Characters who made a hilarious name for themselves
There’s a book coming out soon about the history of Bath Arts Workshop and its contribution to alternative culture in the 1970s.
Way before it went independent and elevated itself to its salubrious position on Widcombe Hill, the Natural Theatre Company was an integral component of the Workshop’s cultural empire in Walcot.
I’m not sure if room has been found in the book for a complete list but I believe attention has been brought to the theatre company’s propensity for hilarious names for their myriad comic characters.
Here’s a selection, minus a few too rude for publishing out of context:
■ Brian Limpley and Courtney Bending: a pair of simply ghastly theatre critics featured in the BBC documentary about the company, filmed of course in the Theatre Royal bar. Add to them the ridiculously plummy Brian Sewage (so acerbic he came as a pair of identical twins) and you have the entire art establishment targeted!
■ Gloria Swansong: faded Hollywood film star.
■ Douglas Bloodbanks Junior: another Hollywood icon on his last legs reduced to opening provincial shopping malls and Ms Swansong’s 17th husband.
■ General Knitting-patton: a nukethe-lot-of-them military man who ruled Walcot Nation festival for just one day before being ousted by the Emperor Highly Unlikely who, before anyone gets all politically correct, was a spoof on wicked dictators such as Idi Amin rather than his Holiness.
Not that we baulked at poking fun at revered religious figures.
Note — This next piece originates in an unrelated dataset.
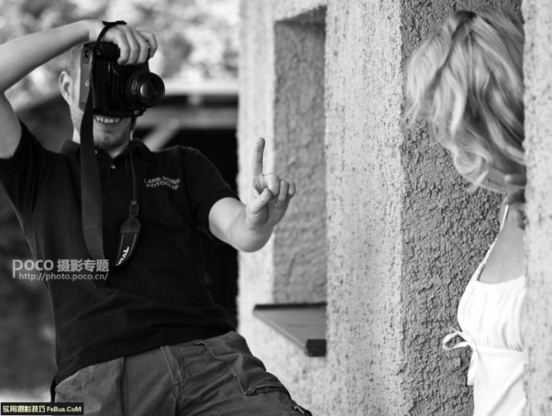 从图中我们可以看到,用取景器取景时摄影师和模特是如何共同工作的―摄影师用相应的手势引导模特:“跟着我的手指走”。

I remember The Flying Pope at the City of London Festival.
The flying bit was me in full papal regalia leaping from a great height into the arms of six terrified vestal virgins chosen from the audience.
Other characters included famous female detective Maigret Rudderford who in the show had little pieces of sandpaper glued to her personage and the set so that she could light her Holmesian meerschaum pipe at any given moment.
Musical characters, of which there were many, included music hall trooper Tilly Lamp and ultrasmooth French crooner Sasha Asnovoice.
Not to forget of course the company’s biggest super star Rocky Ricketts whose never-ending come back tour was aided and abetted by his trusty manager and exotic dancer Vince Pube.
Diana Toss and the Chicken Supremes are probably best forgotten but fruity theatrical knight Sir Nempnett Thrubwell offered us many a memorable cameo.
Named for the hamlet in Chew Valley, Sir Nempnett proves the company’s theory that you can pick almost any village in Somerset and Dorset and create a famous thespian whom you haven’t quite heard of. It’s great fun trying to match them with their trademark role.
Thus Wyke Champflower excelled in Chekhovian roles, Fisherton De La Mare specialised in romantic leads, and who can forget Compton Pouncefoot’s Hamlet? And as for Rodney Stokes kitchen sink anti-heroes of the 1960s!
Best of all, perhaps, were the two larger than life opera singers Dame Clara Boot and Dame Nelly Tesco who could empty an arts centre theatre in five minutes and whose combined top notes could shatter a champagne glass at forty paces thanks to our special effects department!